Data provided:
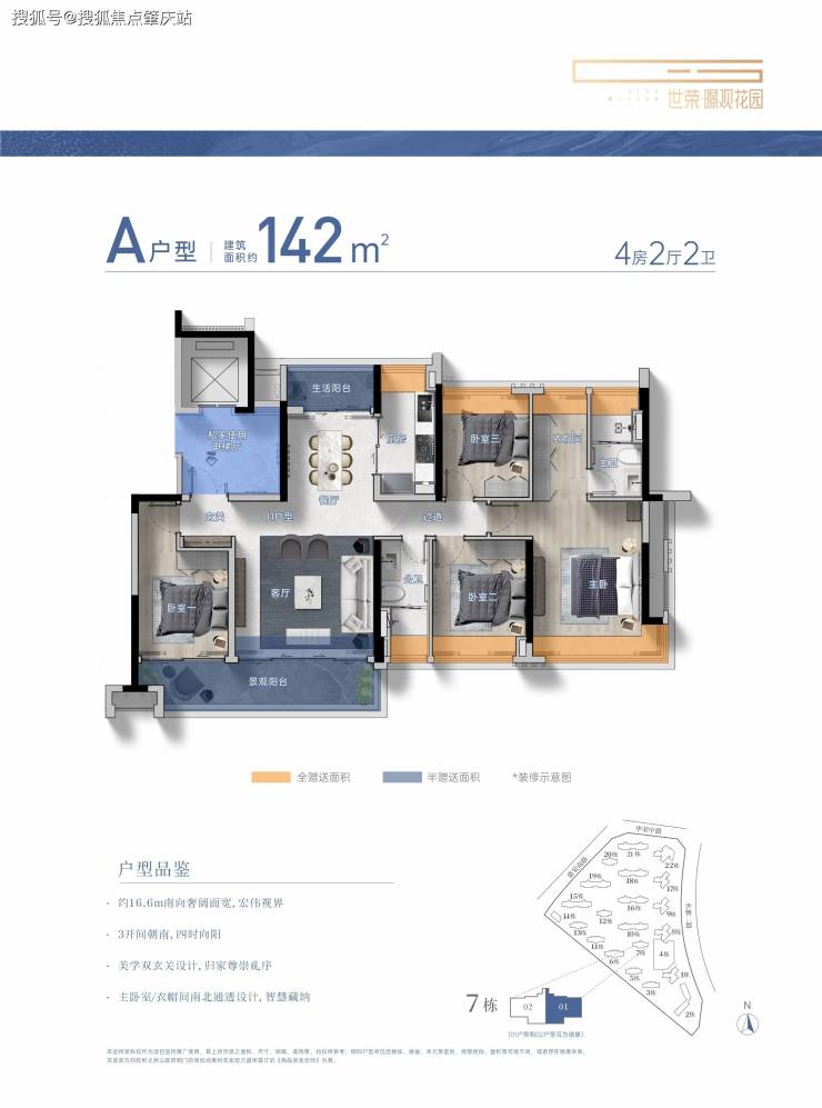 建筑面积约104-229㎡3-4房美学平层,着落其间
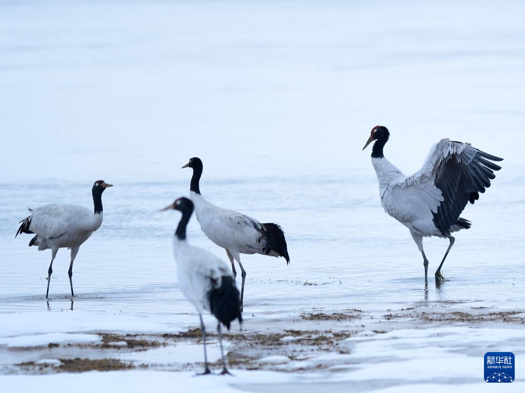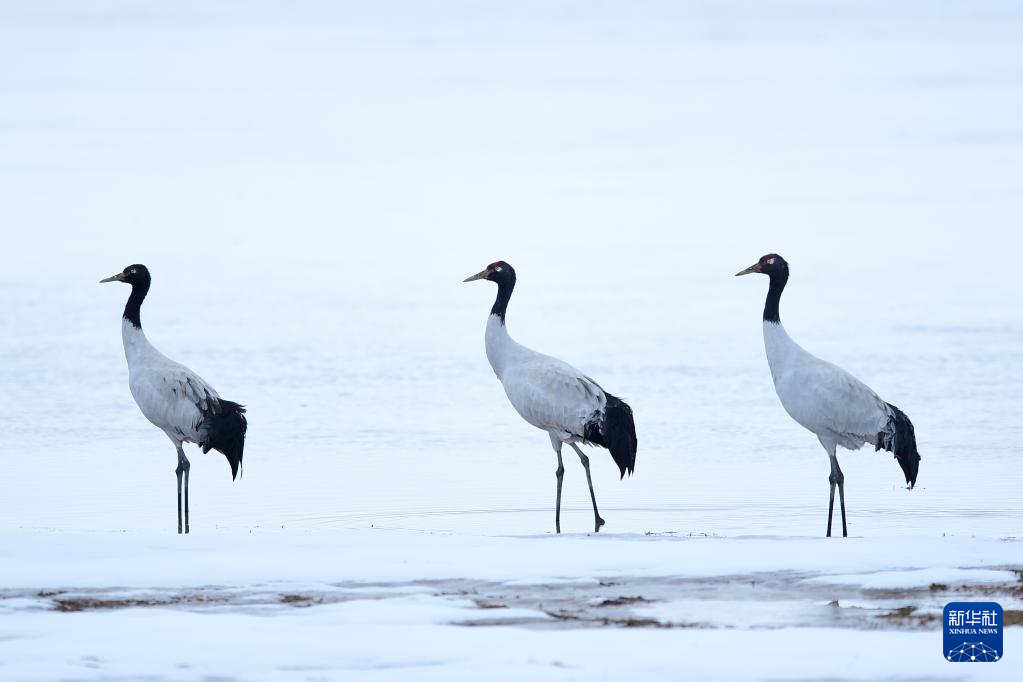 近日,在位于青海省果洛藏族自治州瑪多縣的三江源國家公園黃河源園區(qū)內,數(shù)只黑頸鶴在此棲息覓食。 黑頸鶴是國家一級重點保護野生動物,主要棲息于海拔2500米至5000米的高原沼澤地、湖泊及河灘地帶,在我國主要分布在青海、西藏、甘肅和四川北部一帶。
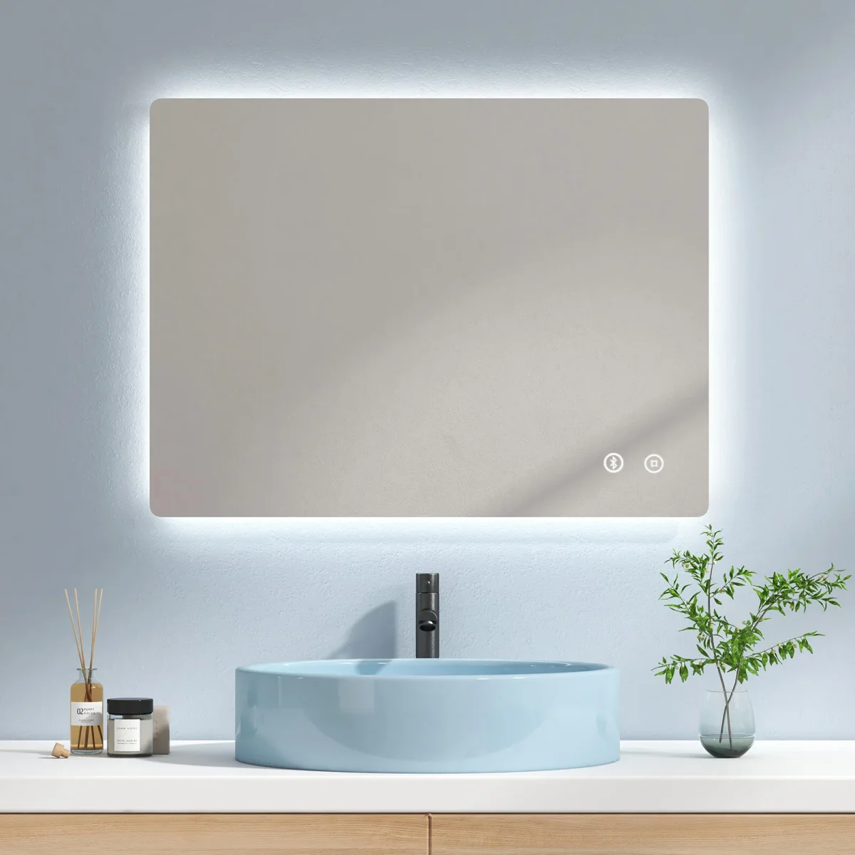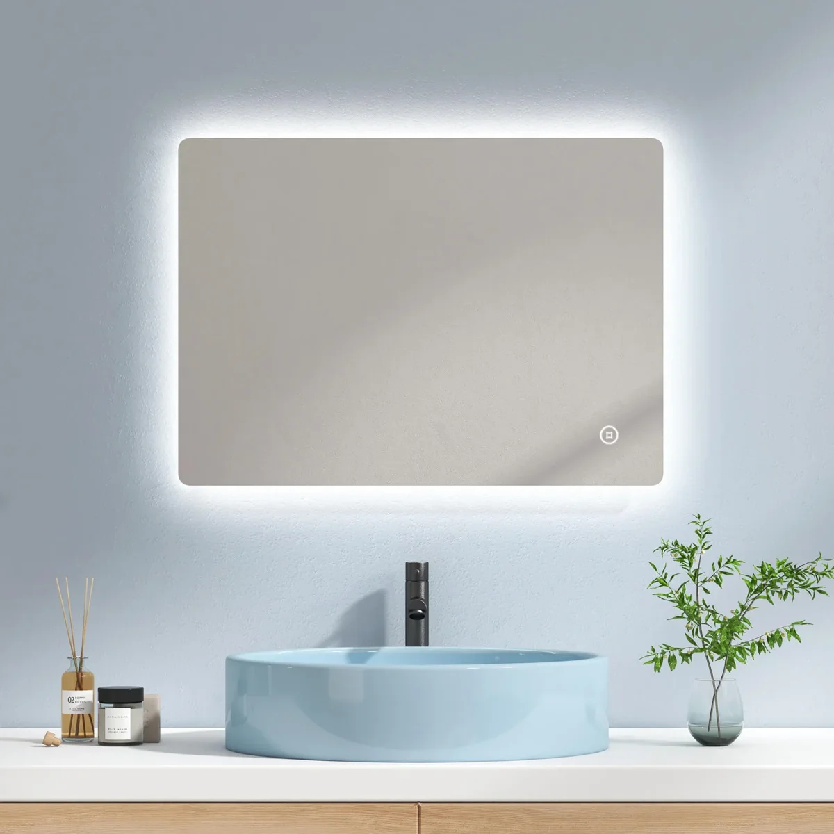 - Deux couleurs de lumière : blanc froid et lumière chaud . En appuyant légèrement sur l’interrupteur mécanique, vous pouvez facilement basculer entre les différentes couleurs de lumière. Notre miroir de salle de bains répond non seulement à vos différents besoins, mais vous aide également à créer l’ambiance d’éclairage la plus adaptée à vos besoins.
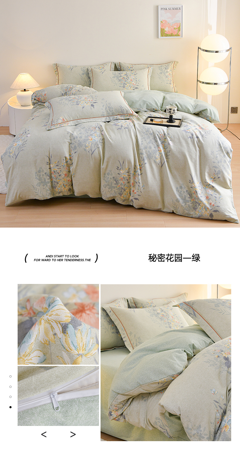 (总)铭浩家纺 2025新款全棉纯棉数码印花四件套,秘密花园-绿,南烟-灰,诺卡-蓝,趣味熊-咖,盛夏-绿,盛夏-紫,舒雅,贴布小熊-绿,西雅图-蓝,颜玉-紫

Your objective: Nothing but the lines from the one containing "- Deux couleurs" through the end of the listing is to be output, and those lines are to be output exactly, pictures excluded.

Answer to the exercise:
 - Deux couleurs de lumière : blanc froid et lumière chaud . En appuyant légèrement sur l’interrupteur mécanique, vous pouvez facilement basculer entre les différentes couleurs de lumière. Notre miroir de salle de bains répond non seulement à vos différents besoins, mais vous aide également à créer l’ambiance d’éclairage la plus adaptée à vos besoins.
 (总)铭浩家纺 2025新款全棉纯棉数码印花四件套,秘密花园-绿,南烟-灰,诺卡-蓝,趣味熊-咖,盛夏-绿,盛夏-紫,舒雅,贴布小熊-绿,西雅图-蓝,颜玉-紫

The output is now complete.